● What you are asked to do:
Below are entries; copy exactly the lines from the one with "Volantino Avanguardia Operaia" through the one with "Borsa a tracolla", both included, and leave out the rest.

● Exercise inputs:
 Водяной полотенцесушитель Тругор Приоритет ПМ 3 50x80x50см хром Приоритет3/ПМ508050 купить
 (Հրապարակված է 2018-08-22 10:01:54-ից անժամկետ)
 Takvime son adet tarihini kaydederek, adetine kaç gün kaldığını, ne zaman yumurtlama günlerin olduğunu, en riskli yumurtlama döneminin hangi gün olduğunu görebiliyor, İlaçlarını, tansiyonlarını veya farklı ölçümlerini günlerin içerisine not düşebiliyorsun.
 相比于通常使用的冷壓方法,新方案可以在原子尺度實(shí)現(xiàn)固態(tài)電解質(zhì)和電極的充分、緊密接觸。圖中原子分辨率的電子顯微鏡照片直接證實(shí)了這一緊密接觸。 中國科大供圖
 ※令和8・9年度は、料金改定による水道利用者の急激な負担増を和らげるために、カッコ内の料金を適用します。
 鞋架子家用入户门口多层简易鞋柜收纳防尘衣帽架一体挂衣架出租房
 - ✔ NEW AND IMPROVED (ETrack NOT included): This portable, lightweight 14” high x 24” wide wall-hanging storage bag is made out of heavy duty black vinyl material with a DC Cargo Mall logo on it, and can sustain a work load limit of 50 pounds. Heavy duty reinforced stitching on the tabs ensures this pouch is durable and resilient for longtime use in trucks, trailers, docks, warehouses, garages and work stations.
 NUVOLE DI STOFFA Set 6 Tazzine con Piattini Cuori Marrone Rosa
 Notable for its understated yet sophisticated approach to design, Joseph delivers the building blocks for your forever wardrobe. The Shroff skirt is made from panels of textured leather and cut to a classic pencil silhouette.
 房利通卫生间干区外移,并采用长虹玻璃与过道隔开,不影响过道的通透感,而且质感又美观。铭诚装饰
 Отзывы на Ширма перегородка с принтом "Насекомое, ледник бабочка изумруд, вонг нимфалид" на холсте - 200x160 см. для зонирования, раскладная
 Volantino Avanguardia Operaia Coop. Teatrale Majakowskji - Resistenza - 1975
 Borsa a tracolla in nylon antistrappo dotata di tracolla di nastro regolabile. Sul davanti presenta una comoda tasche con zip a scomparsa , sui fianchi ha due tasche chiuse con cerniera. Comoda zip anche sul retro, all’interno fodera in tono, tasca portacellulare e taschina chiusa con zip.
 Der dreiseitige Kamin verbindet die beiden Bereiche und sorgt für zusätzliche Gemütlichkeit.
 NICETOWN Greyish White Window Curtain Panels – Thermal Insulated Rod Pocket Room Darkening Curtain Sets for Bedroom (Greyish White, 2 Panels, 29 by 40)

● Completed task:
 Volantino Avanguardia Operaia Coop. Teatrale Majakowskji - Resistenza - 1975
 Borsa a tracolla in nylon antistrappo dotata di tracolla di nastro regolabile. Sul davanti presenta una comoda tasche con zip a scomparsa , sui fianchi ha due tasche chiuse con cerniera. Comoda zip anche sul retro, all’interno fodera in tono, tasca portacellulare e taschina chiusa con zip.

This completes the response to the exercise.